**** Information supplied

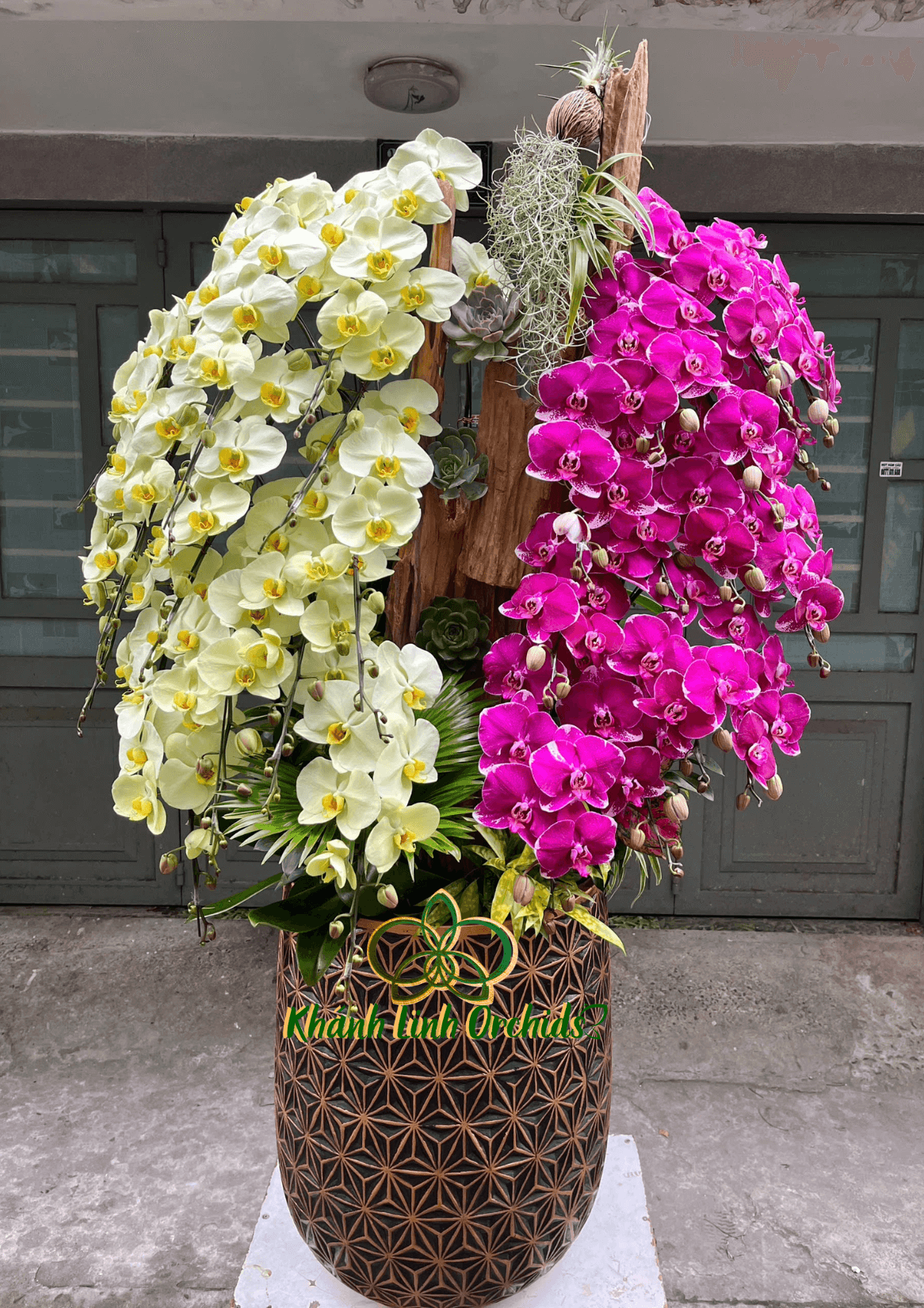 Với 28 cành hoa được cắm tỉ mỉ, chậu lan mang ý nghĩa phong thủy đặc biệt: số 28 tượng trưng cho “phát tài, thịnh vượng lâu bền”. Kết hợp cùng tiểu cảnh xanh mát, sen đá và gỗ lũa tự nhiên, tổng thể trở nên sang trọng, cuốn hút và đầy sức sống.
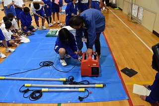 また、その倉庫の中にある、発電機の使い方や、簡易トイレの作り方などを実際に体験しました。
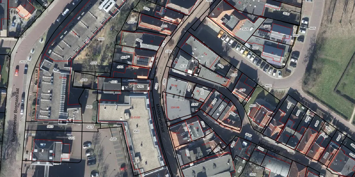 Het perceel waarop Nieuwstraat 37 staat heeft een oppervlakte van 155 m². Dit is een middelgroot perceel. De perceeloppervlakte wordt geregistreerd door het Kadaster. Gedetailleerde informatie over de maten van dit perceel kunt u vinden in het rapport Kadastrale kaart met maatvoering van Nieuwstraat 37.
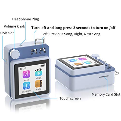 Lettore MP3 MYMAHDI, schermo ad alta risoluzione e full touch, lettore audio senza perdita HiFi da 40 GB con bluetooth 5.0 e altoparlante esterno, radio FM, registratore vocale , fino a 128 GB
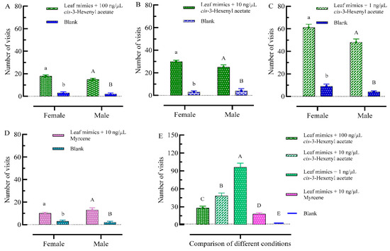 Comparison of numbers of adult visits to models + VOCs with single leaf mimics. (A) Comparison of numbers of adult visits to mimics + 100 ng/μL cis-3-hexenyl acetate with single model. (B) Comparison of numbers of adult visits to mimics + 10 ng/μL cis-3-hexenyl acetate with single model. (C) Comparison of numbers of adult visits to mimics + 1 ng/μL cis-3-hexenyl acetate with single model. (D) Comparison of numbers of adult visits to mimics + 10 ng/μL myrcene with single model. (E) Comparison of the total numbers of adult visits to five different conditions. Histograms are expressed as mean ± SD. Differences in the numbers of adult visits (p < 0.05) were determined by one-way ANOVA. Post hoc test is used with LSD. Lowercase letters indicate significant differences in female visits to mimics (Figure 6A–D). Uppercase letters indicate significant differences in male visits to mimics (Figure 6A–D). Uppercase letters indicate significant differences in adult visits to five different conditions (Figure 6E).
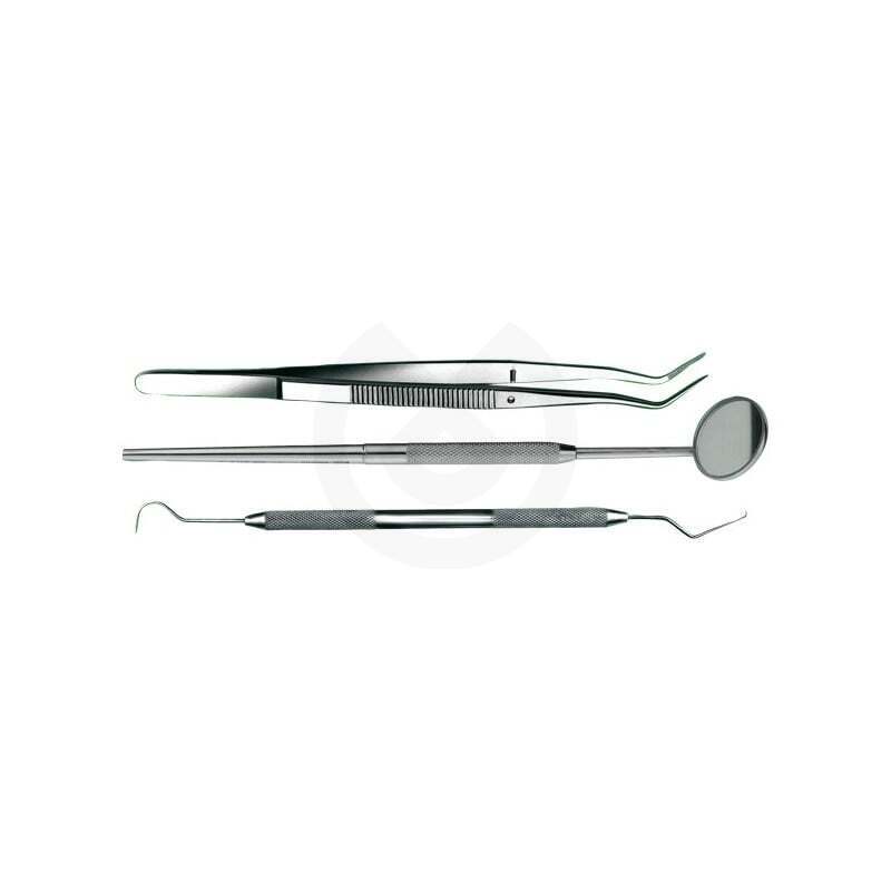 El kit contiene 1 espejo plano n.4 con mango, 1 sonda doble y 1 pinza Meriam.
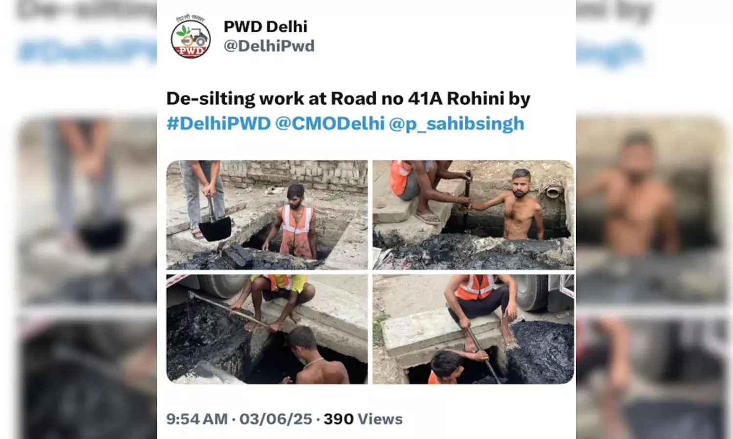 ഡ്രെയിനിൽ ഇറങ്ങുന്ന തൊഴിലാളികളുടെ ചിത്രങ്ങൾ പോസ്റ്റ് ചെയ്ത് ഡൽഹി പിഡബ്ല്യുഡി; വിവാദമായപ്പോൾ ഡിലീറ്റ് ചെയ്തു
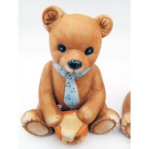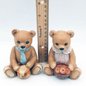 Set of 2 Homco Bears Mama with Apples Papa with a Honey Pot 4 inches Vintage 80s
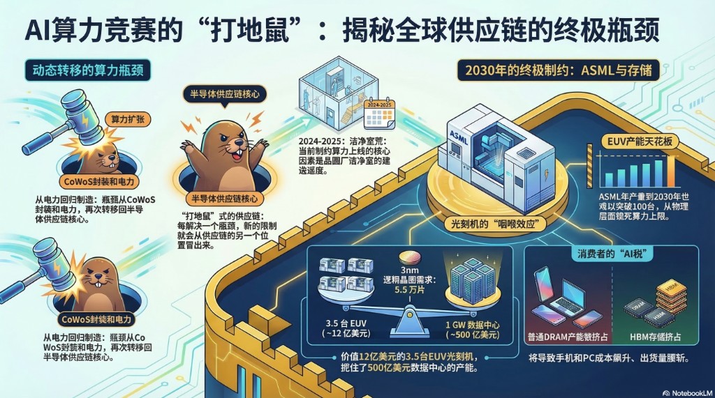 The founder of SemiAnalysis stated that the bottleneck of AI computing power expansion is like "whack-a-mole" and is constantly changing. Currently, the bottleneck may return to chip manufacturing. The demand for high-bandwidth memory (HBM) triggered by inference models has a wafer consumption four times that of ordinary DRAM, which will lead to a halving of smartphone shipments. By 2026, 30% of the capital expenditure of tech giants will be consumed by storage. Power is not the ultimate constraint, as solutions such as aircraft modifications and fuel cells can be addressed through "post-meter" options. The ultimate ceiling may be after 2028, due to ASML's annual production of fewer than 100 EUV lithography machines
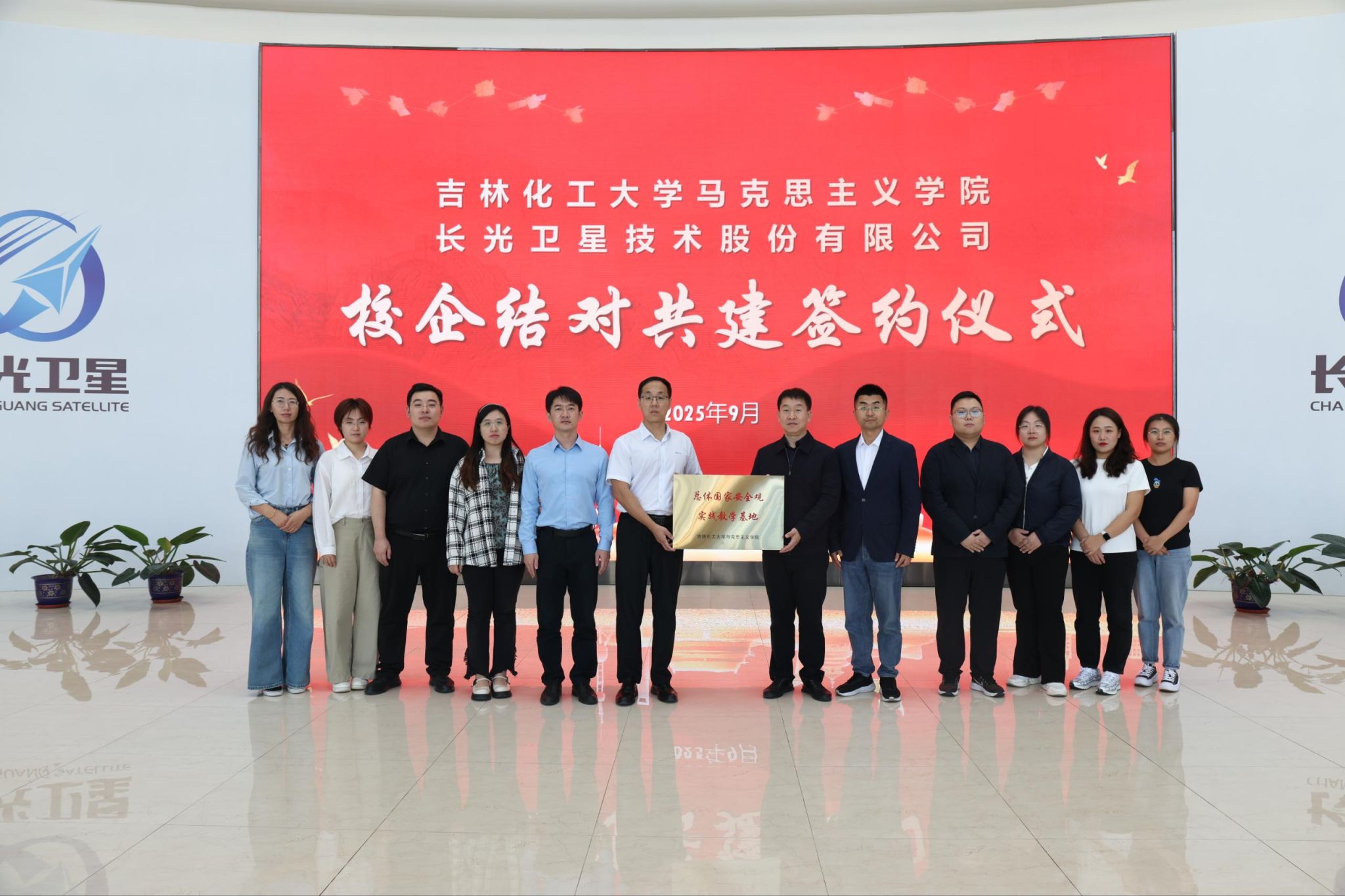 近日,吉林化工大学马克思主义学院与长光卫星技术股份有限公司签署“大思政课”实践教学基地协议,并揭牌“总体国家安全观实践教学基地”,扎实推进思政课改革创新,构建校企联合育人新模式。
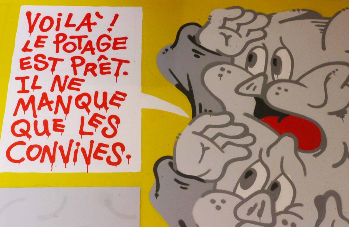 On aime aussi avoir un certain suivi des artistes. Nous proposons à ceux qui ont travaillé sur un mur de réaliser une exposition ou l’inverse. Ça permet de les voir créer dans différentes conditions. En 2017, Loulou Picasso (Jean-Louis Dupré) et Amandine Urruty ont par exemple participé à l’exposition « Marquis de Sade », il y était question de petits formats. Loulou Picasso est peintre à l’origine et a fait parti du groupe Bazooka, très important dans le graphisme français. C’est une des premières fois qu’il fait du muralisme donc l’approche est différente. C’est un challenge pour eux.
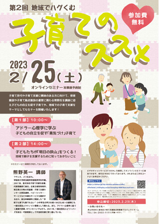 埼玉県狭山市では、オンラインセミナー「第2回地域でハグくむ子育てのススメ」を2023年2月25日(土)に開催いたします。
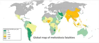 - ↑ Limmathurotsakul D; Golding N; Dance DA; Messina JP; Pigott DM; Moyes CL; Rolim DB; Bertherat E et al. (11 January 2016). "Predicted global distribution of Burkholderia pseudomallei and burden of melioidosis". Nature Microbiology 1 (1): 15008. doi:10.1038/nmicrobiol.2015.8. PMID 26877885. PMC 4746747. //www.ncbi.nlm.nih.gov/pmc/articles/PMC4746747/.
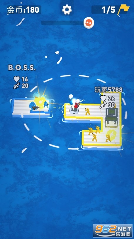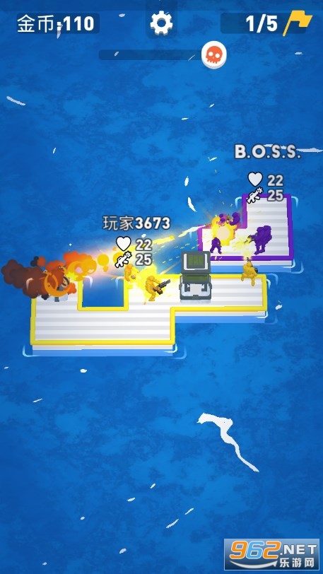 非常有趣好玩的io竞技休闲游戏,所有的战斗都是在海上打响的,士兵会散步在木筏之上,所以我们需要不断扩大木筏的面积,这样就能容纳更多的士兵,战斗实力才能变强,才能夺取更多的海域。
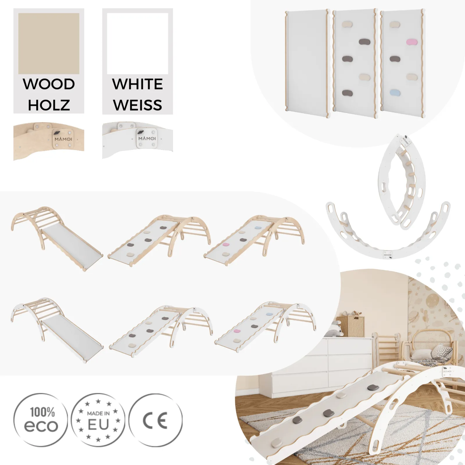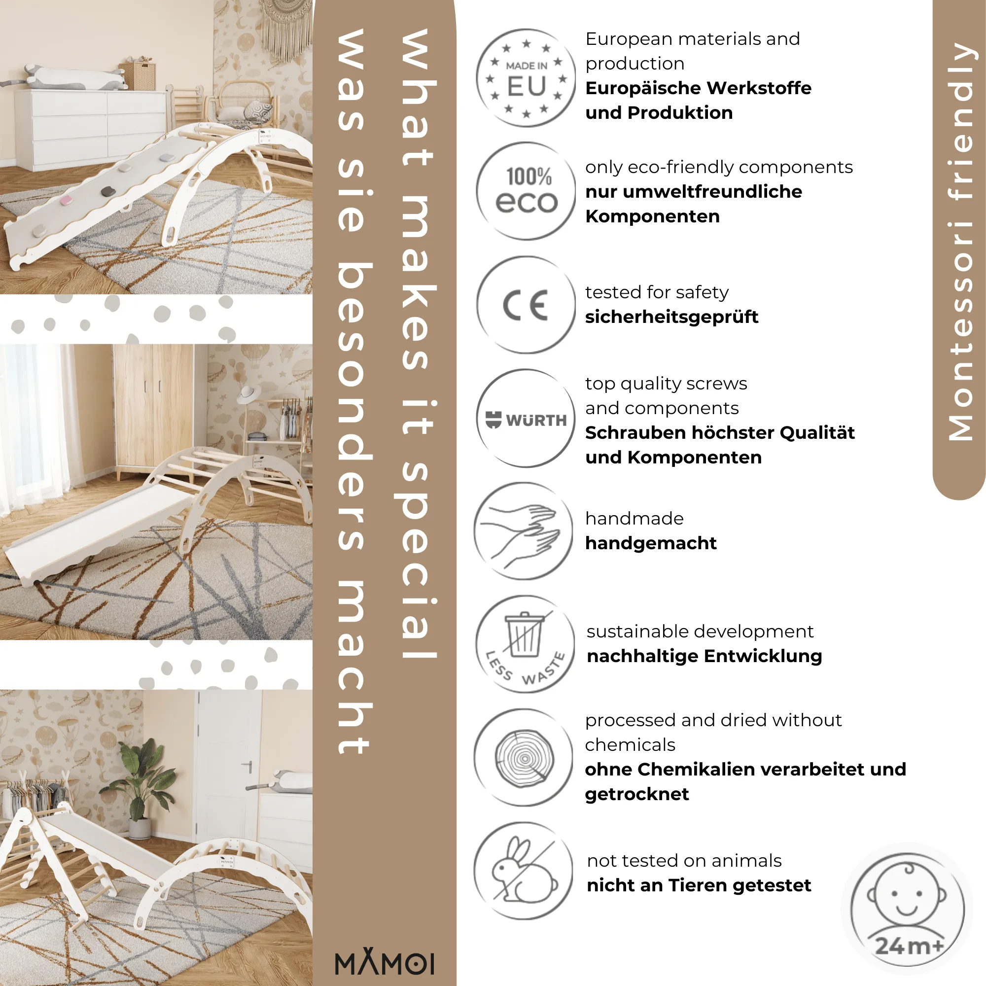 Conosciuto anche come: scivolo per bambini 1 anno, scivolo per bambini 2 anni, montessori 1 anno, rainbow rocker, triangolo pikler montessori, scivolo montessori per bambini, altalena per bambini, altalena in legno
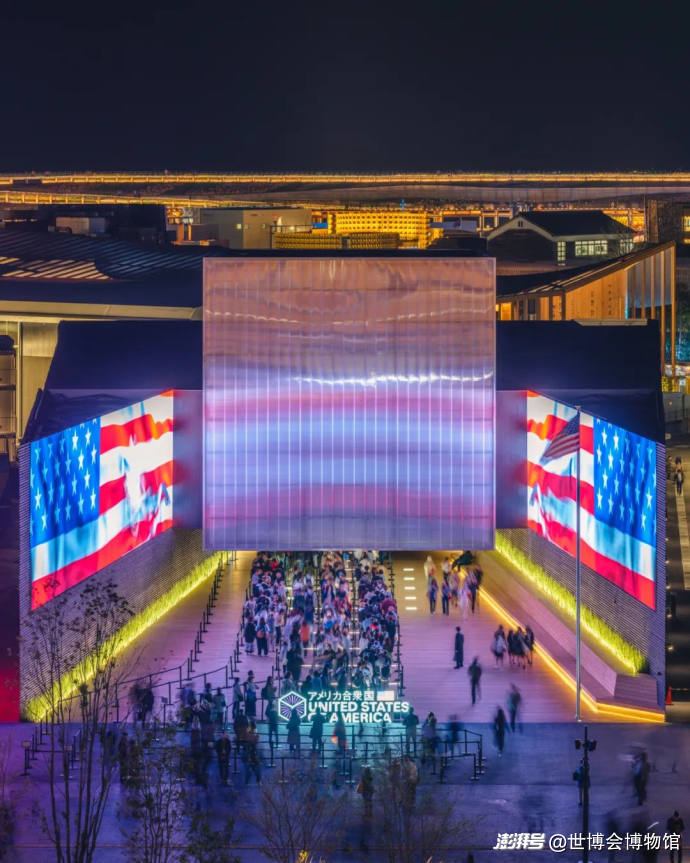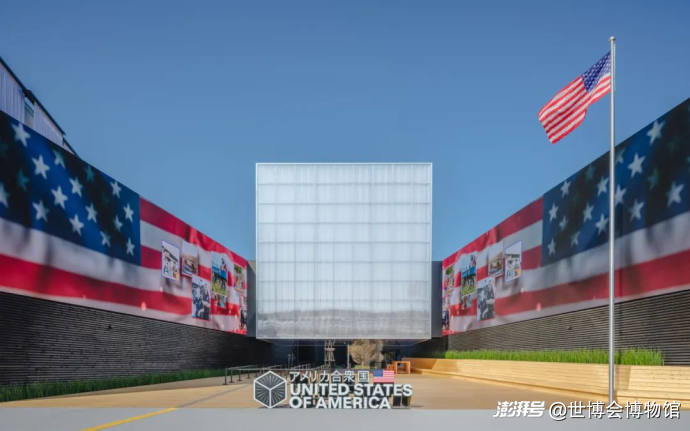 美國館以展開的"雙翼"造型環抱中心廣場,通過360度環繞的LED巨幕呈現美國多元的自然與城市景觀。參觀者穿行于仿若自然峽谷的廣場空間,身臨其境地感受美國大地的壯美風光。廣場核心區域懸置著一個半透明的反光立方體裝置,為觀眾提供了一處靜思人與自然、都市與生態共生關系的冥想空間。該館在建設中積極踐行聯合國可持續發展理念,特別采用了東京奧運會的回收建材,體現了資源循環利用的環保主張。

********

Write out exactly the lines above between the one with "ഡ്രെയിനിൽ ഇറങ്ങുന്ന തൊഴിലാളികളുടെ" and the one with "Set of 2 Homco", inclusive, with pictures left out.

> **Reply to the task**:
 ഡ്രെയിനിൽ ഇറങ്ങുന്ന തൊഴിലാളികളുടെ ചിത്രങ്ങൾ പോസ്റ്റ് ചെയ്ത് ഡൽഹി പിഡബ്ല്യുഡി; വിവാദമായപ്പോൾ ഡിലീറ്റ് ചെയ്തു
 Set of 2 Homco Bears Mama with Apples Papa with a Honey Pot 4 inches Vintage 80s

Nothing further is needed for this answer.